Blockchains rely on consensus mechanisms that are more or less innovative, such as the classic Proof of Stake (PoS) widely tested by Ethereum. However, the co-founder of Celestia wants to abandon this solution in favor of a “Proof of Governance” version. What does this mean?
Celestia: TIA token inflation poses a problem
Every project developed in the cryptocurrency sector is based on tokenomics designed to manage the issuance and distribution of its tokens. This formula, which was initially community-based, has since given way to a model that is more favorable to early investors, such as venture capital firms.
As a result, the issuance of these native cryptocurrencies goes through regular token unlock procedures in order to bring an ever-increasing proportion of the available supply to market. This is particularly the case for the Celestia project, with unlocks that can sometimes reach $1 billion.

Celestia’s TIA token is down 92% from its last all-time high
Added to this logic is the principle of staking, which is directly linked to the proof-of-stake consensus mechanism. The problem? This formula, which appears very profitable for those seeking passive returns, involves the payment of rewards that some consider too high. This is particularly true given that the TIA token has fallen by more than 90% since its all-time high in February 2024.
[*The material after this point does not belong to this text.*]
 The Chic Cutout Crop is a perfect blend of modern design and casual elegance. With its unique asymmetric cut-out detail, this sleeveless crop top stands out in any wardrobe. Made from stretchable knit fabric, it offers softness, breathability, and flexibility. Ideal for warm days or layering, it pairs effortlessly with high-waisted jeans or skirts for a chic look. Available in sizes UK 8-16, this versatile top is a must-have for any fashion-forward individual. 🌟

This highly inflationary logic has been clearly highlighted by the project’s co-founder, John Alder, in a reflection published on the Celestia Forum. On the agenda: a proposal to develop a new experimental consensus mechanism called “Proof of Governance.”
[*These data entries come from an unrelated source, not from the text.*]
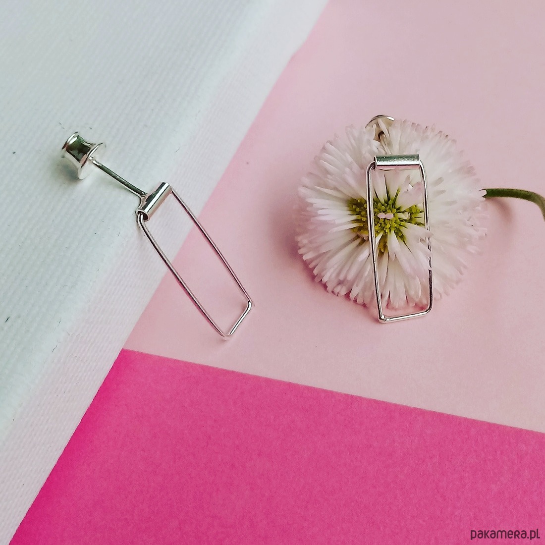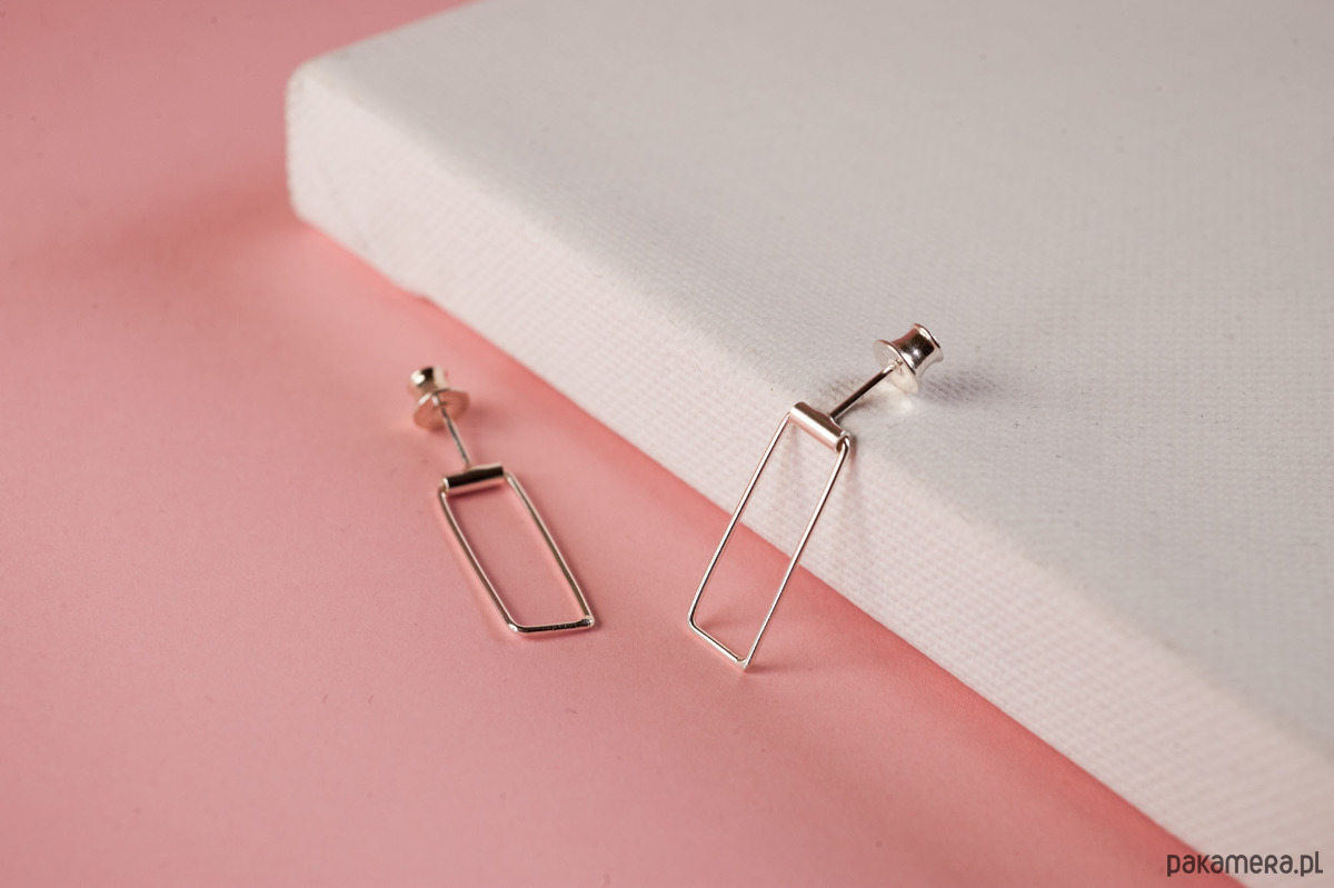 Kolczyki w kształcie prostokątów delikatnie poruszają się w uchu, subtelnie odbjając światło.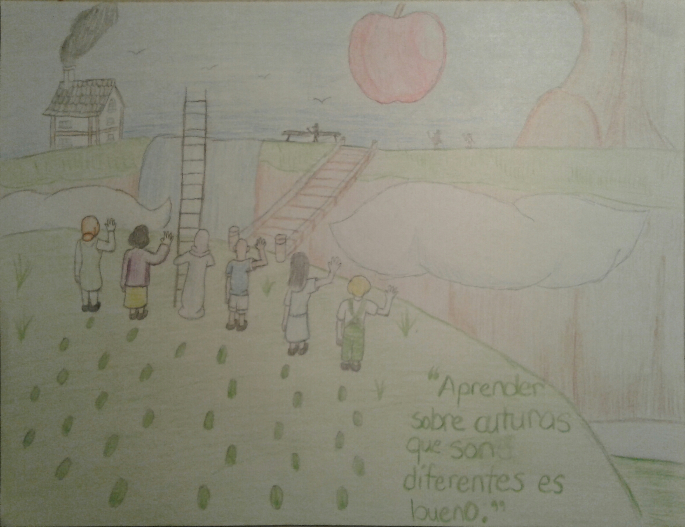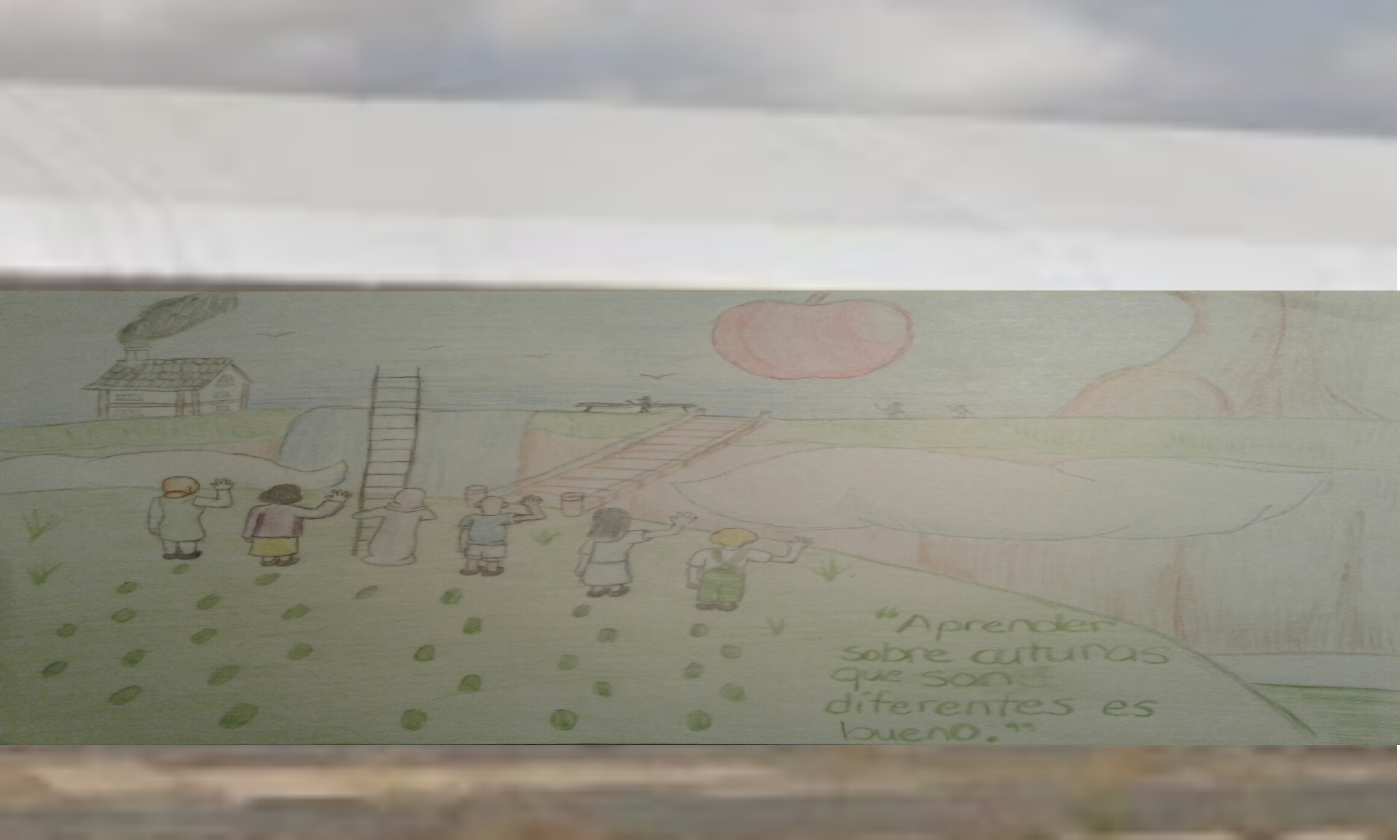 Mi mural tiene una manzana que es grande, para las personas comer en la ciudad o barrio. Las personas son significativa para el mural porque ellos pueden demostrar la diversidad en sur de Filadelfia. Además, la manzana puede demostrar educación o comida que las personas pueden tener a pesar de que sus culturas, y la manzana pueden demostrar los árboles que tienen manzanas en mi barrio. Los temas de mi mural son unidad y diversidad. Por lo tanto, el mensaje es aprender sobre culturas que son diferentes.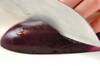ナスはヘタを残してガクを取ってから半分に切り、斜めに浅く切り目を入れてから水に放ち、アク抜きをしておく。

Towards a new “Proof of Governance” consensus?
In order to remedy this proof-of-stake model, which is considered problematic for the development of the Celestia project, John Alder is proposing a new type of consensus. A formula stripped of what he identifies as “redundant steps.” That is, a pure and simple cancellation of rewards paid to stakers in order to focus on validators.
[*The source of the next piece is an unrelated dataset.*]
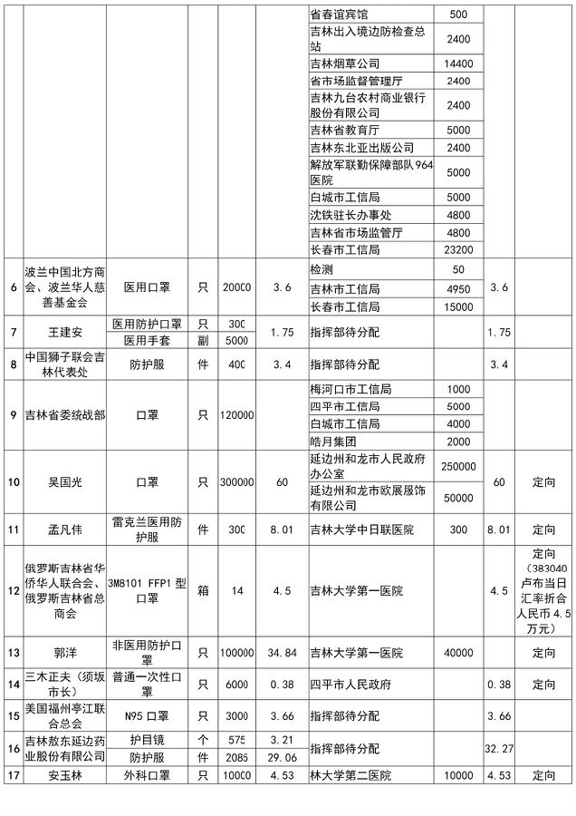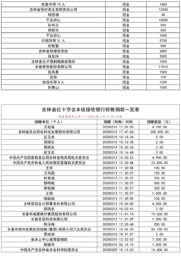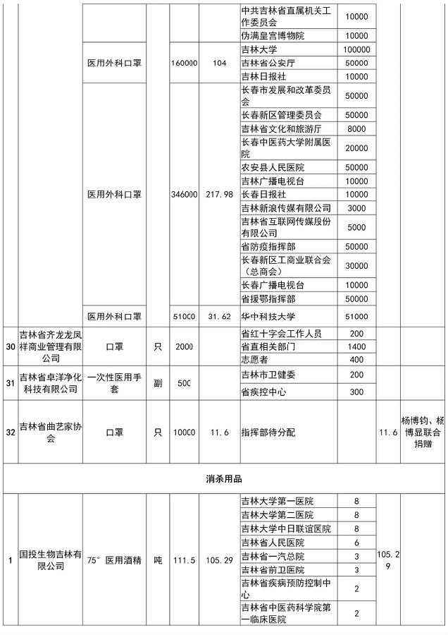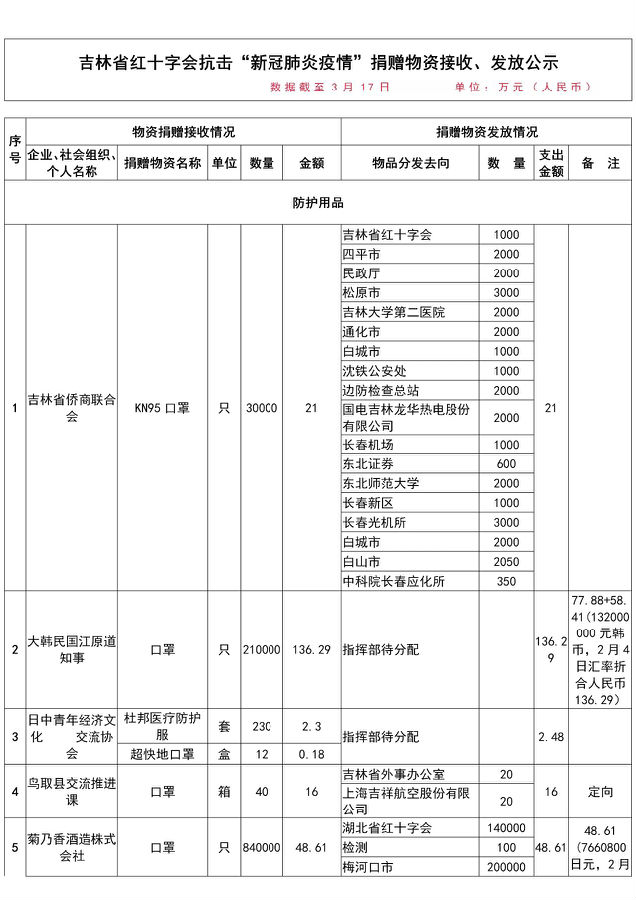 具体社会捐赠款物接收与支出明细可在吉林省民政厅、吉林省红十字会官网查阅。各市(州)红十字会社会捐赠款物接收与支出情况,详见各地公告。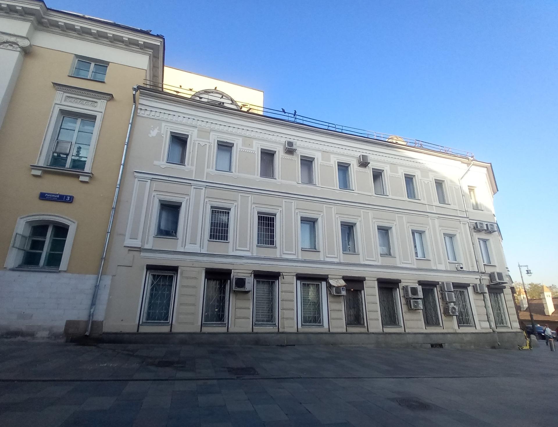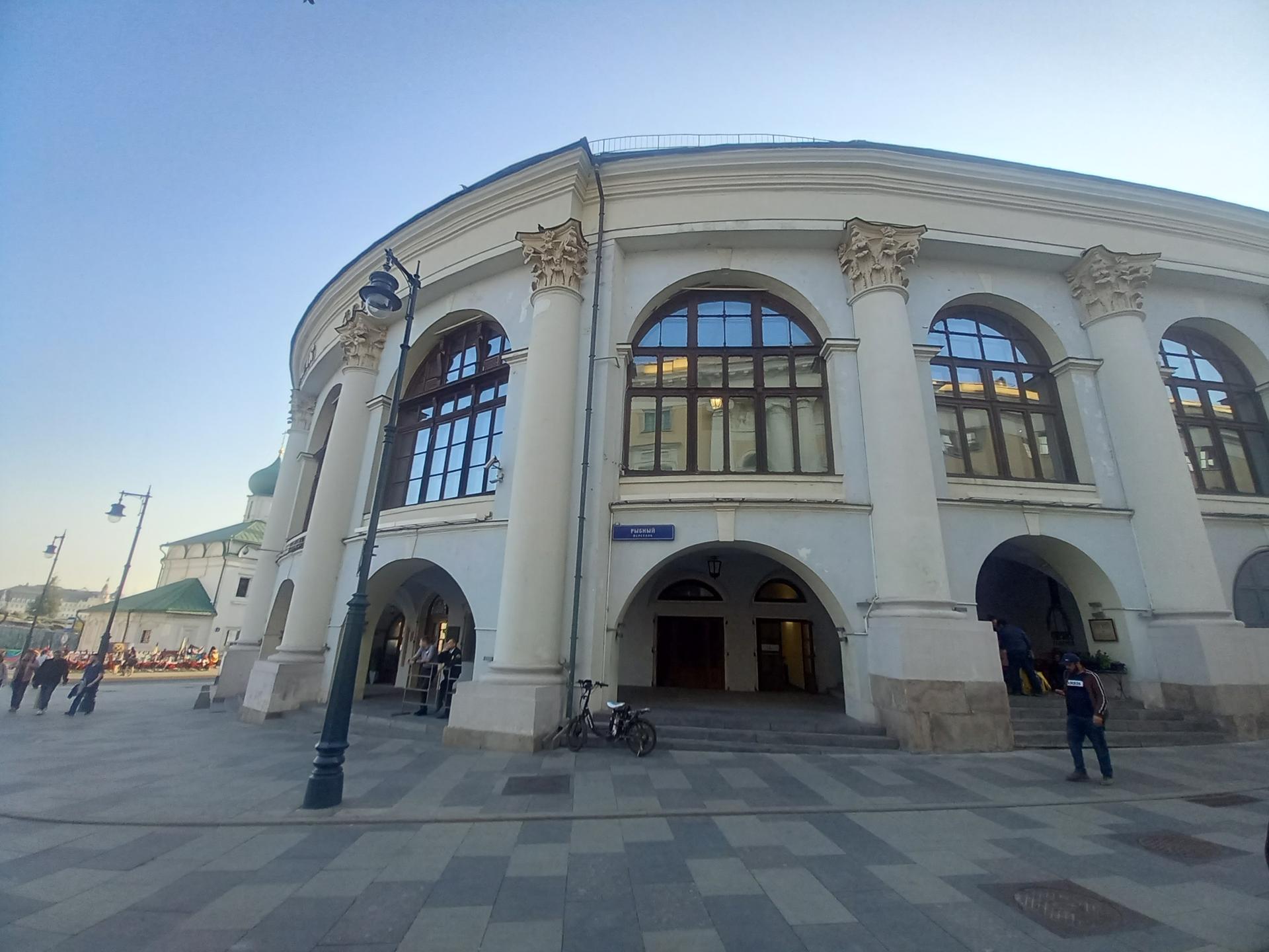 Рыбный переулок первоначально в XVII в. назывался Введенским по стоявшей в нём церкви Введения пресвятыя богородицы златоверхия. В XVIII в. — Магистратский переулок — по находившемуся в нём Главному магистрату. Назван по располагавшемуся здесь в XVIII — начале XIX вв. рыбному ряду. После строительства Старого (1791—1805; 1825—1830, проект Дж. Кваренги) и Нового (1838—1840) Гостиных дворов переулок фактически стал проездом между протяжёнными фасадами этих зданий.

Proof of Governance (PoG) is the natural conclusion of staking derivatives. [It] would allow the protocol to reduce issuance by a factor of 20, from 5% to 0.25%, without lowering security.
John Alder
An internal dynamic change whose main consequence would be to allow the Celestia blockchain to gain more direct control over the revenue it generates, with the role of TIA token holders being reduced to choosing the network operators.
This new Proof of Governance consensus therefore renders the principle of staking completely unnecessary, as it is now separate from the activity of validators. This option is intended to avoid the use of liquid staking tokens (LSTs), which are considered complicated and unprofitable. It remains to be seen how the community will react.